Winthrop Drama Society Flexes Theater Muscle with Performance of Chicago

Friday, November 9, 2018
By Transcript Staff

Feathers, flashy costumes, and musical storytelling set against a dismal backdrop in the roaring 20s, is one way to transport an audience back in time. “Chicago the Musical,” performed by the Winthrop Drama Society, has all the ingredients to make you feel as if you are part of the murder, deceit and corruption that goes on amongst a cast of memorable characters.

“I’ve never played a role like this,” said sophomore, Heather Buccini who plays the lead, Roxie Hart, a self-centered yet sympathetic fame-seeker who spirals downward from the corruption that acclaim can bestow on a person. “The acting was challenging for me and I had to work hard to get my normally high voice to sound deeper and older.”

The show, scheduled to hit the Neil Shapiro Center for Performing Arts Nov. 15, 16, and 17, will showcase 20s-style dance moves and songs that tell the captivating story of two death-row murderesses caught up in a battle for publicity.

“This musical is definitely more gritty than other musicals we’ve done,” said Ian Page, who plays Billy Flynn, the sleazy lawyer who takes pride in his job at getting celebrities out of trouble. “It’s deceit, lies, and corruption shown through the lens of musicality.”
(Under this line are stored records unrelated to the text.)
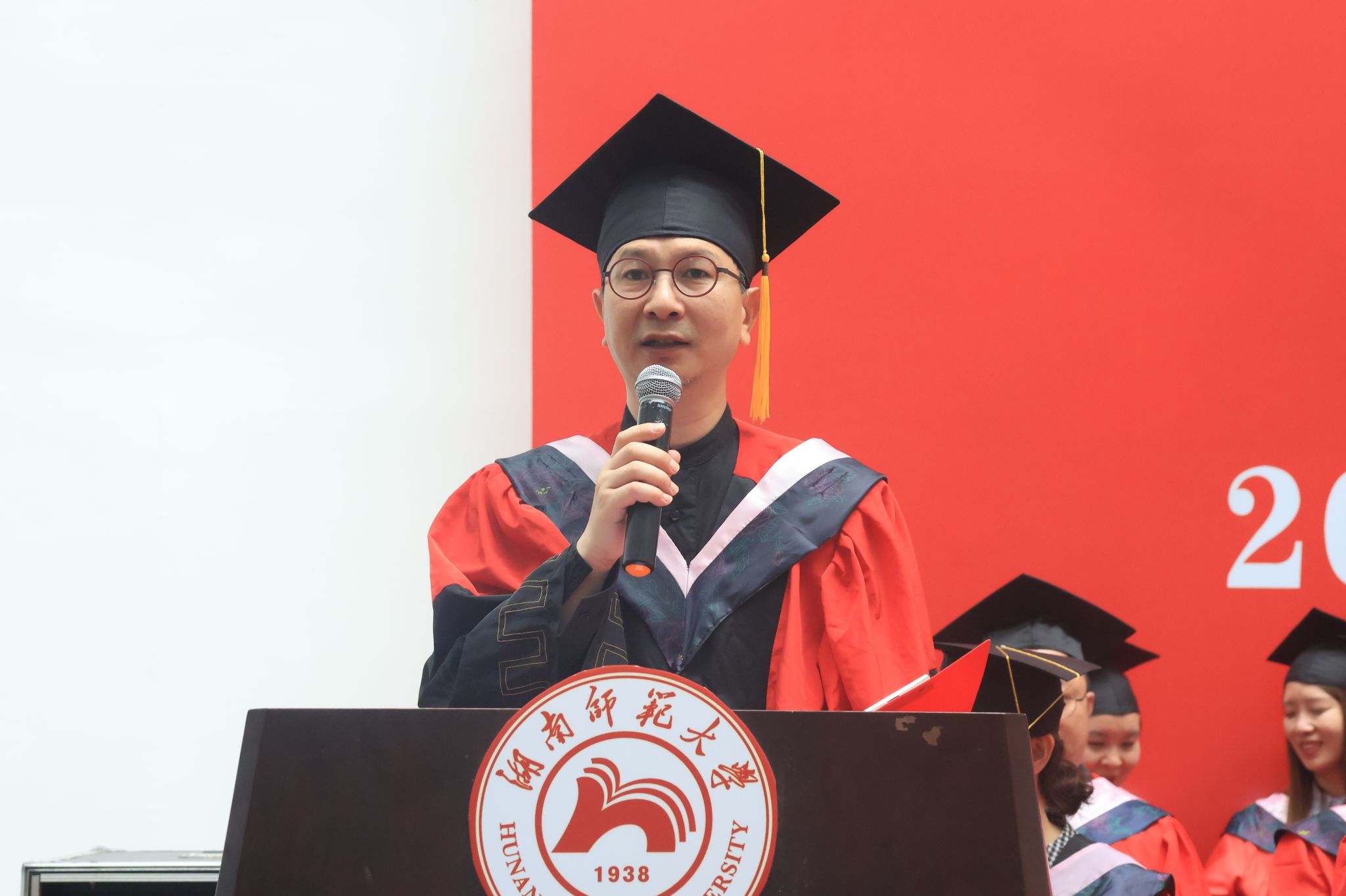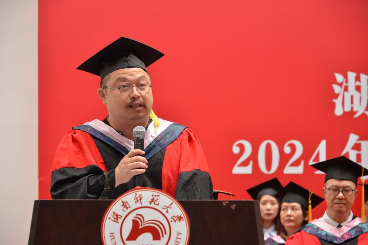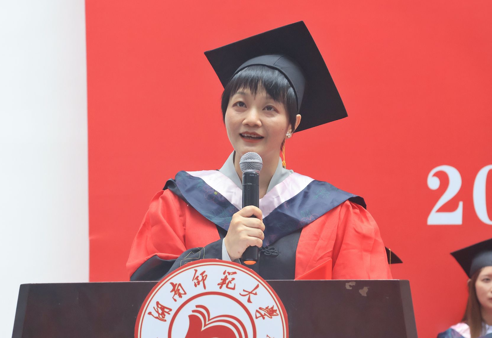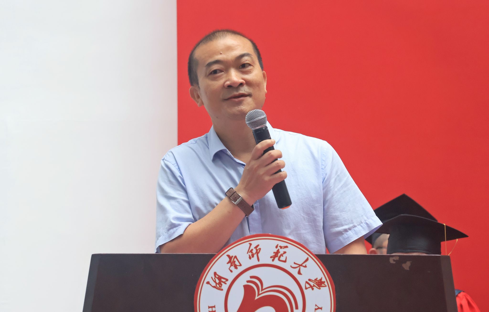 肖弋教授代表研究生导师讲话。她为即将离开的学子们送上最真切的祝福,感谢学院培养了这么多双发现美的眼睛。她希望同学们笃定人文精神内核,以内驱力生成创造力,持续努力向着目标前进。学会停下脚步,杜绝内耗,以审美态度生活,体会生命之美。鼓励同学们养成独立人格的奋进精神,保持学习思考,掌握新技术,接纳新变化,日后必将百川东到海,汇集为国之大器力量,在人工智能时代,焕发人文精神的璀璨光彩。
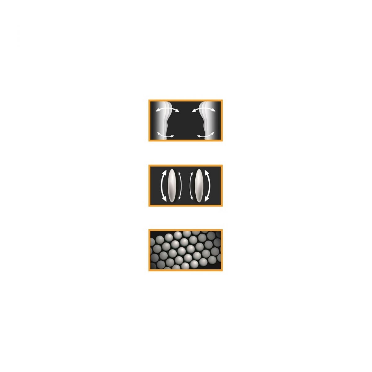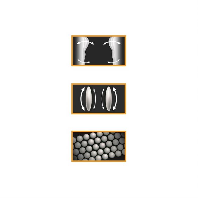 Masszírozó golyócskák: A görgők mozgása talpunkat ide-oda ringatja a készülékben, így az folyamatosan érintkezik a golyókkal, melyek átnyomkodják, átmasszírozzák talpunkat, érintve az akupunktúrás pontokat, így segítenek harmonizálni a szervezet működését.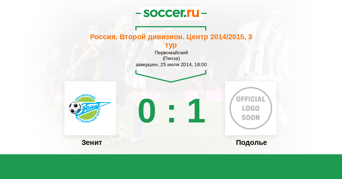 Россия. Вторая лига. Группа 3 30.05.2014 Подолье Логотип футбольный клуб Подолье (Подольский район) 2:1 Логотип футбольный клуб Зенит (Пенза) Зенит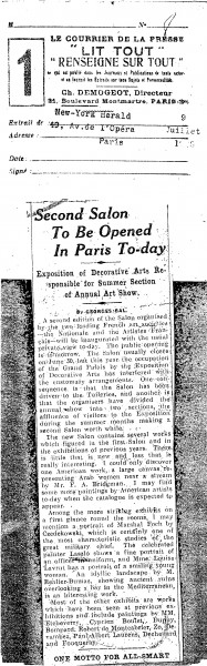 The New York Herald. Private view of the Salon, organised by the Nationale and the Artistes Français. De László exhibits "a fine portrait" of Count Michele Moroni, Colonel of the Guardia d’Onore Pontificia [6363].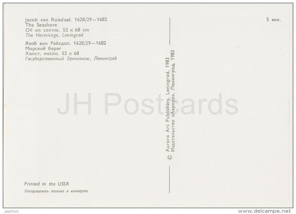 painting by Jacob van Ruisdael - The Seashore - Dutch art - 1983 - Russia USSR - unused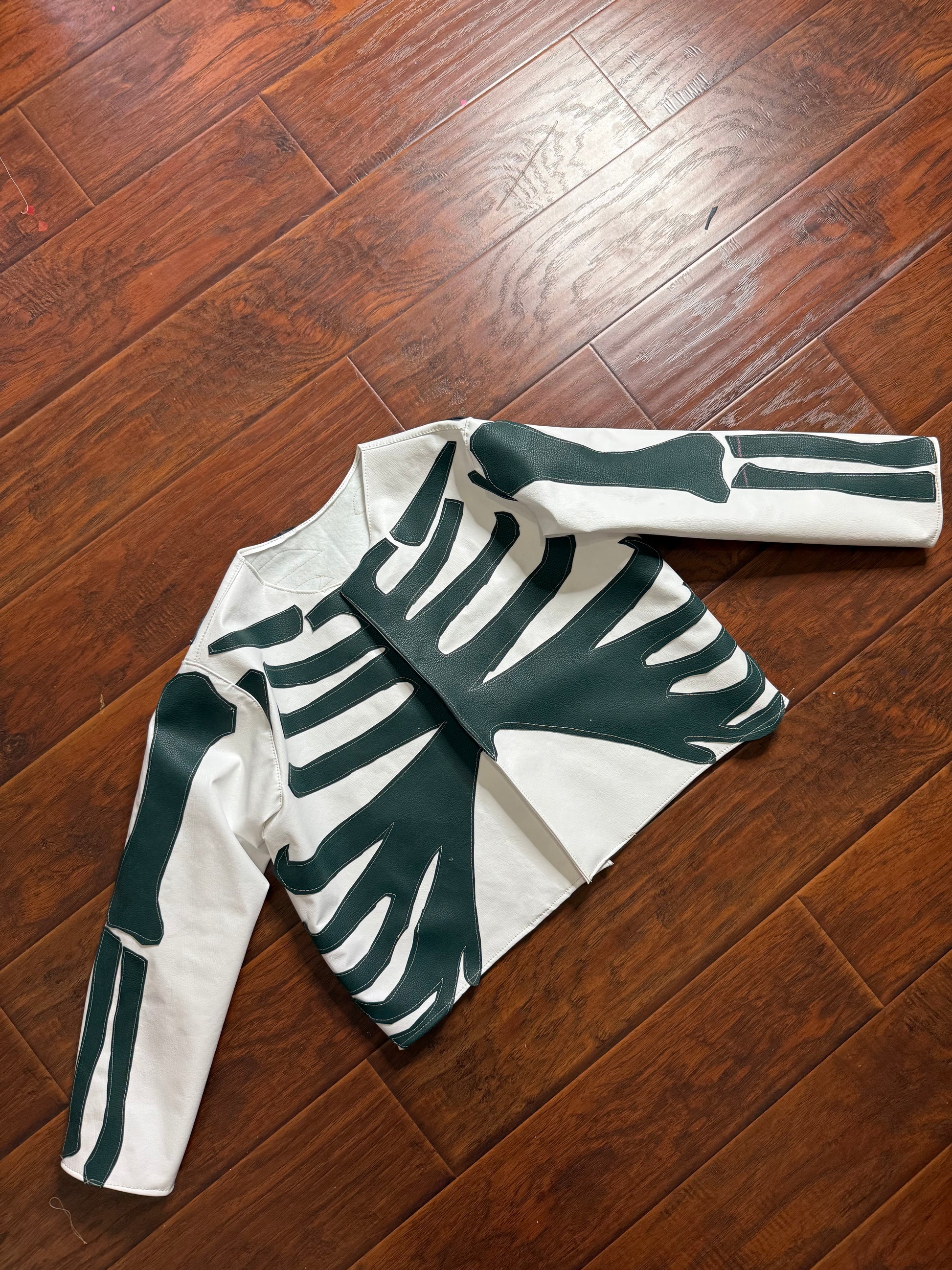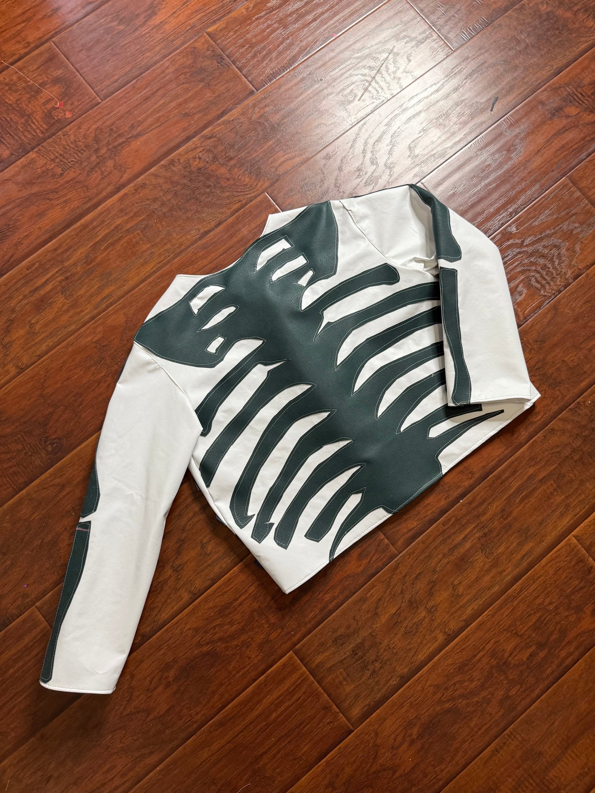 White leather racer jacket boxy fit with green pebbled leather bone skeleton details.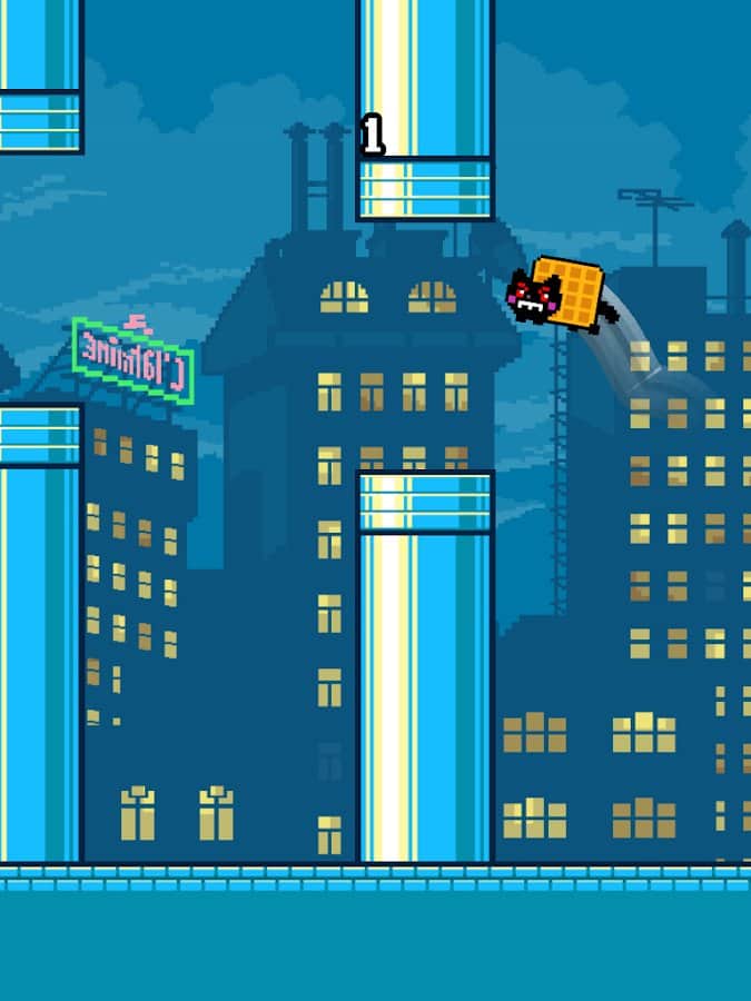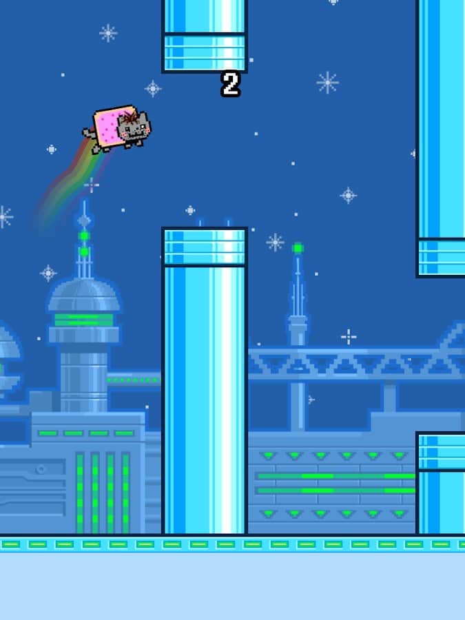 Flappy Bird - культовая аркадная игра которая обзавелась огромной армией поклонников. Радужный кот не менее знаменитый персонаж который выступил в главной роли в целой серии аркад. И вот студия isTom Games решила объединить эти игры в одном проекте под названием Flappy Nyan. И так, вам в роли полюбившейся котейки предстоит лавировать между трубами, при этом контролируя его движения по средствам своевременных тапов. При этом разработчики добавили массу игровых фич которые заметно разнообразят геймплей.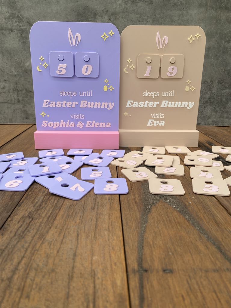 Our ‘Easter Bunny Countdown Plaque’ is the perfect personalised addition to your Easter Decor this year! A great way for mothers, fathers to help their children to countdown the days until the Easter Bunny comes. It’s a great way to practice number counting and build the hype around Easter. You can countdown from 99 days! Choose to add a stand if you like and your colours!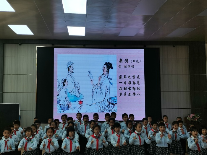最后進行比賽的是高年級學生。五、六年級的學生吟誦起來更有一番韻味,學生的朗誦聲響亮整齊,讓人特別享受。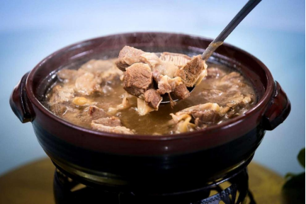 它的做法是取用新鲜土猪膈皮肉,切成均匀块状,先焯水,放入少许菜籽油炒香,再加开水焖煮约5分钟后,盛入小瓦罐,配辅料,文火焖煮一小时以上即可上桌食用。本道菜品鲜嫩可口,咸香浓郁,性质温和,营养丰富,具有清润补阴虚,增强抵抗力等功效,为绿杨特色招牌菜之一。
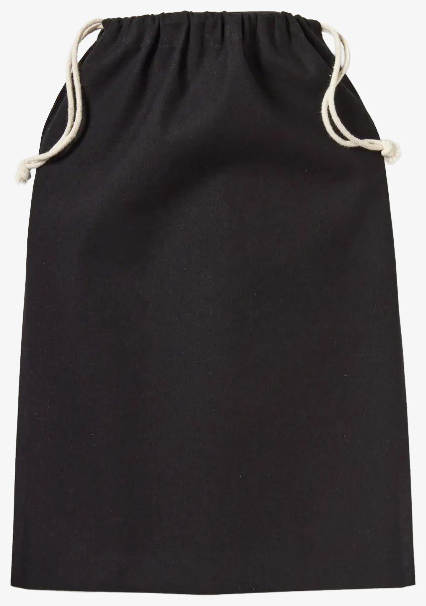 A bolsa de cordão em algodão 100% reciclado é projetada para o armazenamento de objetos variados com seis tamanhos disponíveis que vão de 10 x 15 cm a 49 x 75 cm. Está equipada com fecho de cordão duplo e cordões naturais para aperto.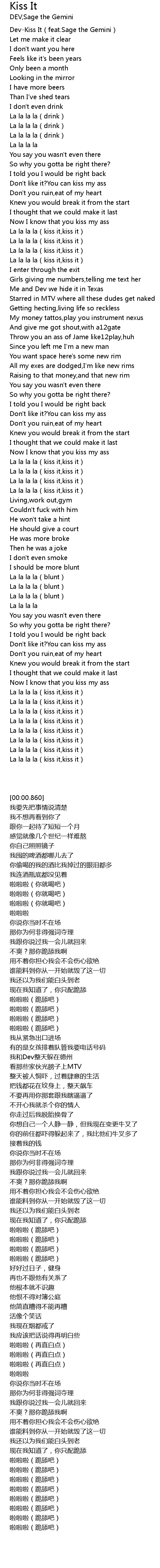 | [00:00.860] | Dev-Kiss It(feat.Sage the Gemini) |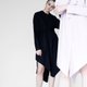 长袖衬衫式洋装,前后长、两侧短,袖口有小尾巴。前后小V领口呈现困难度极高 “折纸剪裁” 的优雅,后领口V字带有日本传统服饰美感。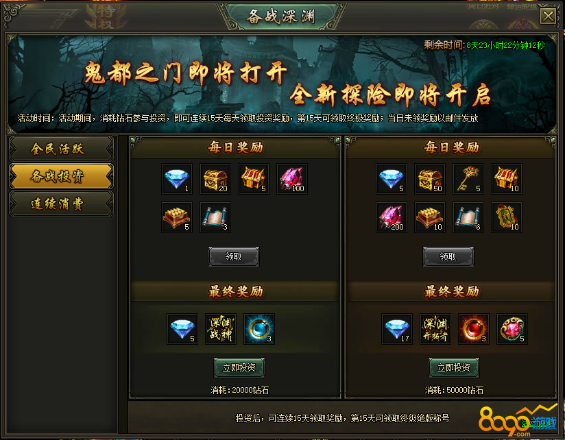 (2) 活动内容:活动期间,消耗钻石参与投资,即可连续15天每天领取投资奖励,第15天可领取终极奖励;当日未领奖励以邮件发放

Page, dedicated to his role, dyed his hair for the part and dedicated countless hours to perfecting the fast-talking, showman style character.

Tough, sexy, and sarcastic, Velma Kelly, is played by junior, Fiona MacPhail. In the show, MacPhail adopts Kelly’s fiercely competitive nature as she rivals Roxie for celebrity attention.

“The hardest part of my role was getting the tone of it perfected,” said Fiona MacPhail, who relied on the show’s choreographer, Jaime Montesano, to help her perfect the different dance style. “My favorite song is ‘I Can’t Do It Alone,’ because you get to see a different side of Velma, who normally doesn’t show a lot of emotion.”

Both Buccini and MacPhail are cutting their hair for their roles, keeping the look of their characters as believable as possible.

“This show is definitely challenging the drama society because we typically don’t do glamorous, Broadway shows like this,” said drama teacher Karen Calinda. “We want something that will capture everyone’s attention and will keep things moving.”

The show, complete with period accurate costume and makeup, will be showing Nov. 15, 16 and 17 at 7 pm and Nov. 17 at 2 pm. Tickets can be purchased at the door or online at: www.winthropdrama.com.